The OntologyViewer allows the end-user to select terms in some kind of display. The viewer will have some button which will indicate that the user wants to insert selected terms into the form field. This is when the OntologyViewer notifies the DefaultOntologyTermSelectionListener. The DefaultOntologyTermSelectionListener asks the OntologyViewer to supply it with the selected terms. It then asks OntologyViewer to provide an OntologyTermProvenance object for each selected OntologyTerm. The OntologyTermProvenance objects are added to the OntologyContext object which keeps track of what terms have been used in the current form. The OntologyContext in turn submits the OntologyTermProvenance objects to the OntologyTermProvenanceManager, which retains knowledge about all ontology terms used to tag the data set. The DefaultOntologyTermSelectionListener also inserts the label for each selected term into the form text field.

When the end-user saves the data set to a native format *.PDZ file, the OntologyTermProvenance objects held in the OntologyTermProvenanceManager are written to the *.META file. This is how Project35 stores information about the ontology terms used to mark-up form fields.



Design Considerations

A number of requirements for ontology services were identified early in the development of the software:

  1. The data entry XML schema and the mark-up services will evolve autonomously at different rates. Therefore, these things should be decoupled and supported through separate mechanisms. As a consequence, we should not expect the XML schema to contain declarations of field values as well as the names of form fields;
  2. The framework should be able to associate multiple ontology services with the same field and multiple fields with the same ontology;
  3. The framework should be able to support simple "stub ontologies" which are used during rapid prototyping activities. The ontologies should be simple lists of terms that can be presented to prospective end-users for feedback and evaluation;
  4. Support multiple technologies for managing ontology terms. Do not tie the architecture to one specific language for expressing ontology terms (eg: OWL). This is because different projects may use different ways of maintaining terms based on factors such as: legacy system features, in-house technology biases, the sophistication of the ontology and the skill level of the people who create the ontologies;
  5. Let each ontology service comprise one or both an OntologySource and an OntologyViewer. Each of these objects is described by an interface. An OntologySource provides terms and is designed on behalf of those who maintain ontologies. An OntologyViewer renders terms provided by the OntologySource, and is designed on behalf of those who use ontologies. The ontology service may be configured to mix and match an OntologySource with an OntologyViewer;
  6. Make the design of an OntologySource consider whether terms are maintained locally or remotely.
  7. The framework should provide some way of determining whether an OntologySource needs to be updated. End-users should be able to decide whether the ontology service updates itself.
  8. Require ontology services to provide meta data information about the ontologies. This information should include the name, author, version, description and kind of formalism supported by an ontology.


Scope of Effect

The Project35 Ontology Services Framework (POSF) is used in all of the Project35 tools created thus far including the desktop Project35 application, the Tablet Project35 application, the Project35 Configuration Tool, and the Project35 Meta Data Editor.

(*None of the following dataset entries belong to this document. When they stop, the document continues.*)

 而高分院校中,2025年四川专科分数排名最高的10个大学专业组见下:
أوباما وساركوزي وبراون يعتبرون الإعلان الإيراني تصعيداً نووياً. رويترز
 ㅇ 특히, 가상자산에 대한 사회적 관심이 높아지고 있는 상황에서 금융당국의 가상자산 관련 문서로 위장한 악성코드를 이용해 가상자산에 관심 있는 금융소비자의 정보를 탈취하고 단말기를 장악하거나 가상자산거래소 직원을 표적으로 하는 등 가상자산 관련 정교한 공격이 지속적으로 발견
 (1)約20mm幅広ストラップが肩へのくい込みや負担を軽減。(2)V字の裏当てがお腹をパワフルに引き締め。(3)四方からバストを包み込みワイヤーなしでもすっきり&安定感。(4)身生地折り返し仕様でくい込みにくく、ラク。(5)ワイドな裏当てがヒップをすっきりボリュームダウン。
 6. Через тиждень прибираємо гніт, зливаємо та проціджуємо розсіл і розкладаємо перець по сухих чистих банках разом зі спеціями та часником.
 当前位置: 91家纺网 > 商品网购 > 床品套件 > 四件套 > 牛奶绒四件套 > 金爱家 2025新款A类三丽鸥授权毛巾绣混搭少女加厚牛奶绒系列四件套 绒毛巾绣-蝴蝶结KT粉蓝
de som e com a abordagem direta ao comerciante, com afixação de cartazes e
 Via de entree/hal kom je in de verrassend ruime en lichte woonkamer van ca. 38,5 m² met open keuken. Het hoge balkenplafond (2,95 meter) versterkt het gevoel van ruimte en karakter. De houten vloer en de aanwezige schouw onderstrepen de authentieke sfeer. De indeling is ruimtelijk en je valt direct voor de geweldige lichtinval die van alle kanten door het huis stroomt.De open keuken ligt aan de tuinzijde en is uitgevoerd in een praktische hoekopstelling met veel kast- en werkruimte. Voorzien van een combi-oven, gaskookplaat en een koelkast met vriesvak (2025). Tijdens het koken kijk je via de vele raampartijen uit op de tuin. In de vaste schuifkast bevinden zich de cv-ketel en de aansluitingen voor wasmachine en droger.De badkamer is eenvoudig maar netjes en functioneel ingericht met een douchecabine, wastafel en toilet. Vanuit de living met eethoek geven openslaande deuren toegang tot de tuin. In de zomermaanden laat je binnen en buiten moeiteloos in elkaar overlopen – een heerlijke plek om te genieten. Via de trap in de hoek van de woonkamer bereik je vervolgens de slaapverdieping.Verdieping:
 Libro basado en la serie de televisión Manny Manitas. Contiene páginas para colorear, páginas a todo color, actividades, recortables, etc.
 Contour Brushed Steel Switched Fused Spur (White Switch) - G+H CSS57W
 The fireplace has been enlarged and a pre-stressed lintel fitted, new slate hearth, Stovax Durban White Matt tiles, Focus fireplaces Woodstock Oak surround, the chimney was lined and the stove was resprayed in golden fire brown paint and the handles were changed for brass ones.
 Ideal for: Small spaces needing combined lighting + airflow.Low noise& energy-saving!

Within the Project35 code base, POSF features are referenced in project35.desktopDeployment.TextFieldView and Project35.tabletDeployment.TextFieldView.



Relevant Code Packages

The packages relevant to POSF include:

  • project35.soa.ontology.sources
  • project35.soa.ontology.views
  • project35.soa.ontology.provenance

The schema for ontology services is defined in the ./models/project35_form_configuration/model/project35_form_configuration.xsd file. The meta data retained for each ontology term is defined in ./models/Project35_meta_data/model/Project35MetaData.xsd file.